Other News Materials 31 March 2008 19:36 (UTC +04:00)

(dpa) -  A documentary film by a Chinese director on Japan's controversial Yasukuni Shrine was encountering mounting resistance in Japan Monday as Tokyo cinema operators announced they would not be screening it as scheduled, Kyodo news agency reported.

The shrine honours Japanese war dead, including convicted World War II war criminals.

Humax Cinema Inc, which operates Ginza Cinepatos, said they had decided not to show it "out of concern that it could cause inconvenience to neighbouring commercial facilities."

Earlier Tokyo movie theatre operator T-Joy Co. said it would not show the film because of the potential "inconvenience" it could cause other tenants in the building.

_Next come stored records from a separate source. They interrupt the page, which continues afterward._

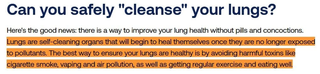 في هذا السياق، تواصل فريق فتبينوا مع جمعية الرئة الأمريكية للاستفسار عن فاعلية هذا المنتج في تنظيف الرئتين والمزاعم الأخرى المذكورة في الادعاء،
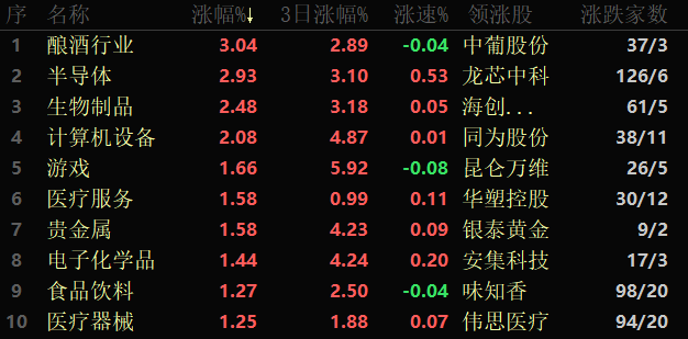 東方財(cái)富行業(yè)方面,截至2月2日11:30,86類行業(yè)中59類上漲,占比68.60%,其中,釀酒行業(yè)漲幅居首,達(dá)3.04%;此外,半導(dǎo)體、生物制品、計(jì)算機(jī)設(shè)備等行業(yè)漲幅也超過2%。下跌方面,教育行業(yè)跌幅居首,達(dá)2.23%;此外,航天航空和多元金融跌幅也均超1%。
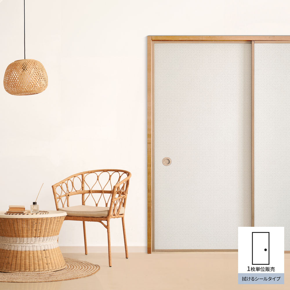 ふすまリメイクシート 拭けるシールタイプ 和柄 亀甲花菱 きなり (約185cm×100cm)
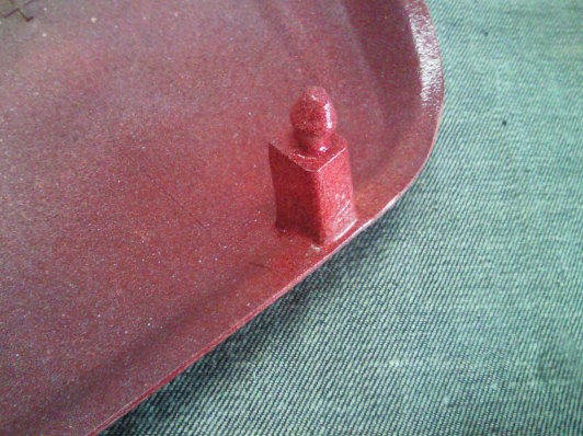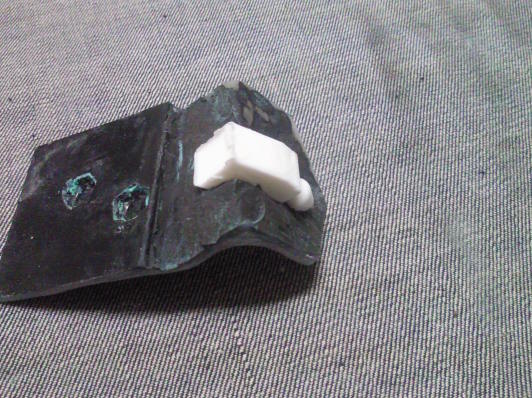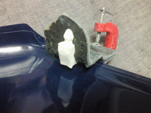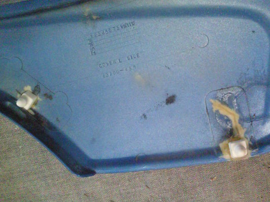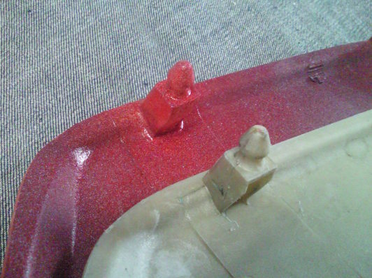 さて、あとは純正サイドカバー・レジン製ダボ・FRPパーツこの3点を合体させればいいわけですが、試した方も多々いらっしゃると思いますがエポキシ系接着剤でボテボテに付けてもその時は付きますがいくらもせずに剥離してきます。
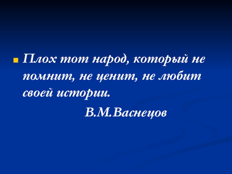 Плох тот народ, который не помнит, не ценит, не любит своей истории.

Currently no cinema in Tokyo plans to screen the movie.

The documentary, entitled Yasukuni, was originally due to be screened in four cinemas in Tokyo on April 12. It is directed by 44- year-old Chinese director Yi Ling, who lives in Japan.

Yi Ling and other people connected with the film have allegedly received threats. The director spent 10 years working on the 123- minute film which premiered at the Sundance Film Festival and also won the documentary film prize at the International Film Festival in Hong Kong.

The film tells the story of several people whose opinions on both the war and the Yasukuni shrine vary. Central to the movie is a smith who forges Yasukuni swords.

The shrine was built in 1869 under Emperor Meiji and today it commemorates the 2.5 million Japanese who have died in wars since 1853.

Visits to the shrine by top Japanese politicians have sparked outrage in neighbouring Asian countries because it also commemorates Japanese convicted of committing war crimes in China and elsewhere during the Second World War.